34. An image forming device as claimed in claim 27, further comprising a measuring unit measuring density of a patch formed by the image forming unit, and

the color correction information preparing unit generates the color correction information on the basis of the measured result by the measuring unit.

35. An image forming device as claimed in claim 27, further comprising an informing unit informing the fact that the determining unit determines that the color correction processing is improper.

36. An image forming device as claimed in claim 27, further comprising an instructing unit allowing the image forming unit to form an image according to the image data that has been subjected to the color correction processing that is determined to be improper by the determining unit.

37. An image forming device as claimed in claim 27, wherein prior to the color correction processing in the data processing device, the determining unit determines whether or not the color correction processing is proper.

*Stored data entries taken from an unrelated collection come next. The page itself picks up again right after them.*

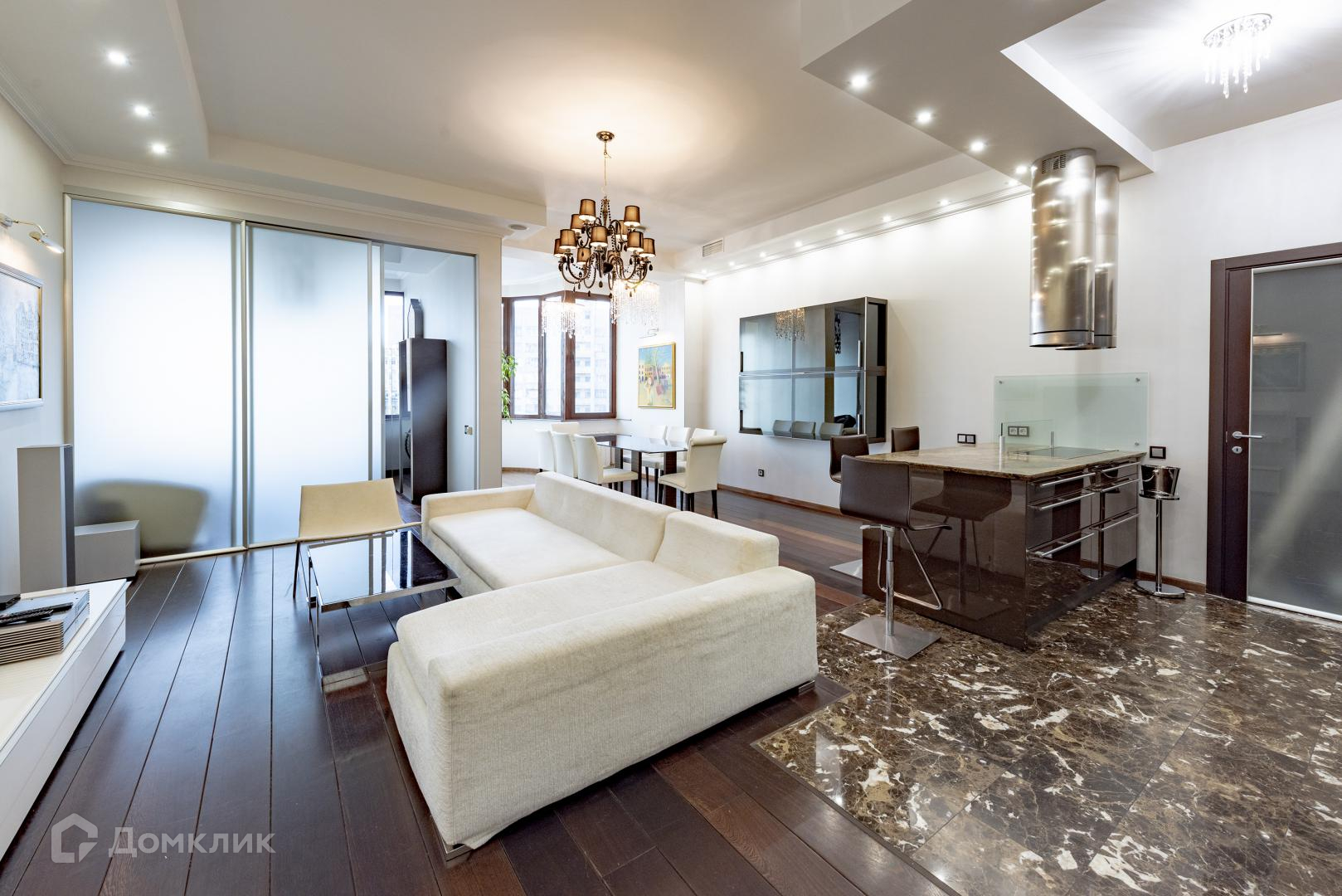 Прихожая, 3 темных комнаты, Две из них гардеробные и одна в кухне — подсобное помещение. Кухня-гостинная 40 метров, три изолированные спальни; кабинет, три сан узла. Выполнен дорогостоящий ремонт из высококачественных материалов. Делался для себя.
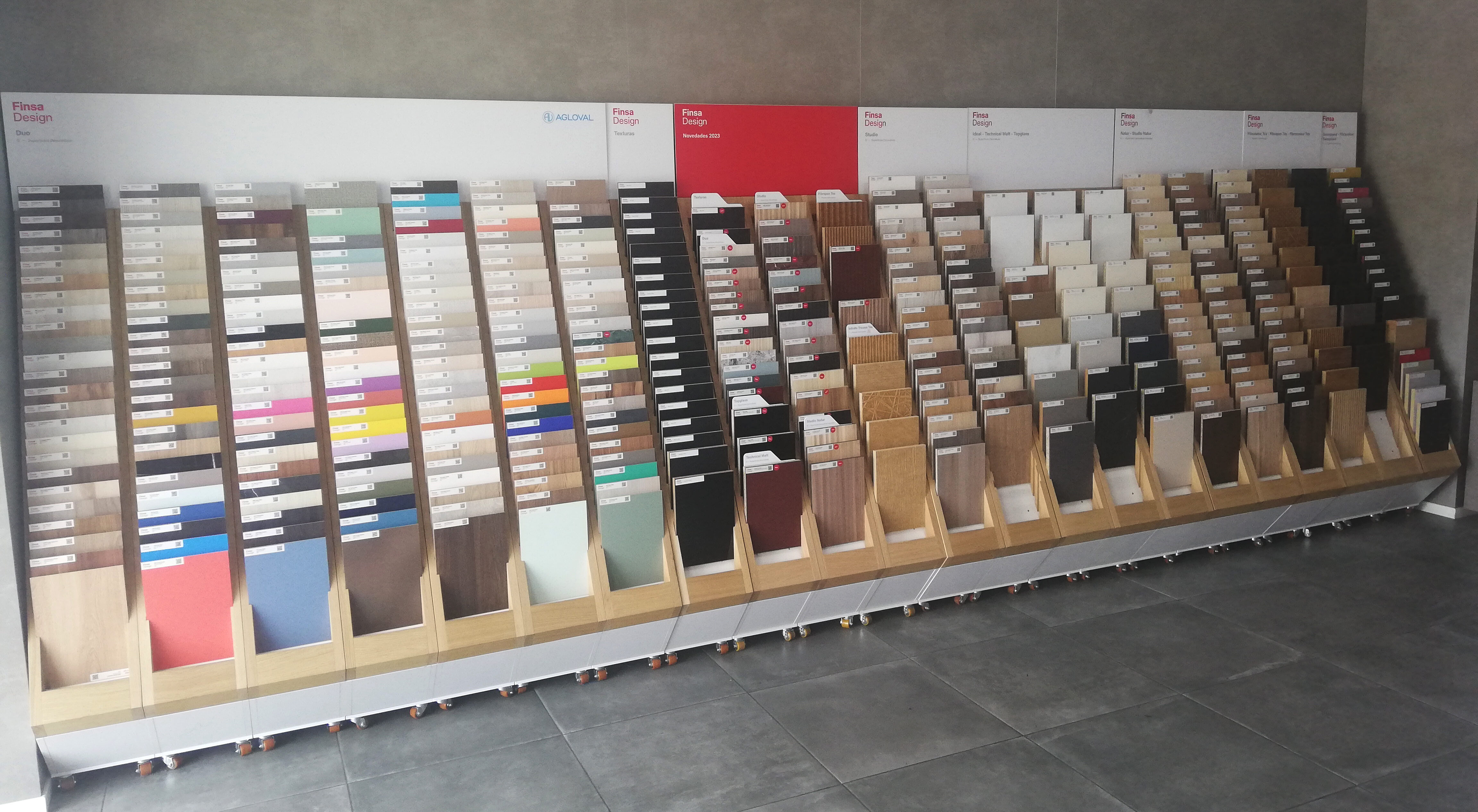 Ven también a visitar el nuevo expositor en nuestras instalaciones. Podrás ver, tocar y seleccionar in situ el acabado que más te guste. O seleccionar aquel que mejor combine y sea más acorde para a tu proyecto. Escoge entre la gama DUO y STUDIO de FINSA el acabado perfecto. Elige entre los colores de stock o los que podemos traer bajo pedido.
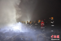 救援人員在飛機(jī)殘骸邊展開救援工作
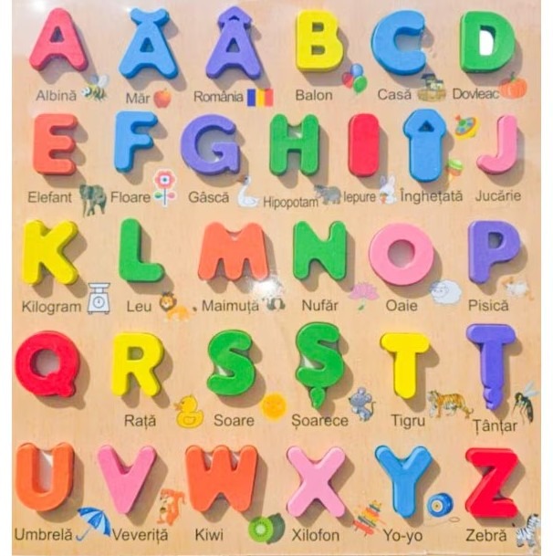 Puzzle tip incastru este ideal pentru invatarea literelor.

38. An image forming device as claimed in claim 27, wherein the determining unit outputs information for executing the color correction processing to the data processing device when determining that the color correction processing is proper and outputs information for disabling the color correction processing to the data processing device when determining that the color correction processing is improper.

39. An image forming device as claimed in claim 27, wherein when the determining unit determines that the color correction processing is improper, the color correction information sending unit sends to the data processing device the color correction information that is used for executing proper color correction processing.

40. A data processing device comprising:

a color correction information receiving unit receiving color correction information;

a color correction information storing unit storing the color correction information received by the color correction information receiving unit;

an image data correcting unit correcting image data on the basis of the color correction information stored in the color correction information storing unit; and

an image data sending unit sending the corrected image data to an image forming device.

41. A data processing device as claimed in claim 40, wherein the color correction information storing unit stores the color correction information to be available by the image data correcting unit, and wherein on receipt of the color correction information by the color correction information receiving unit, the stored color correction information is automatically updated to the newly received color correction information.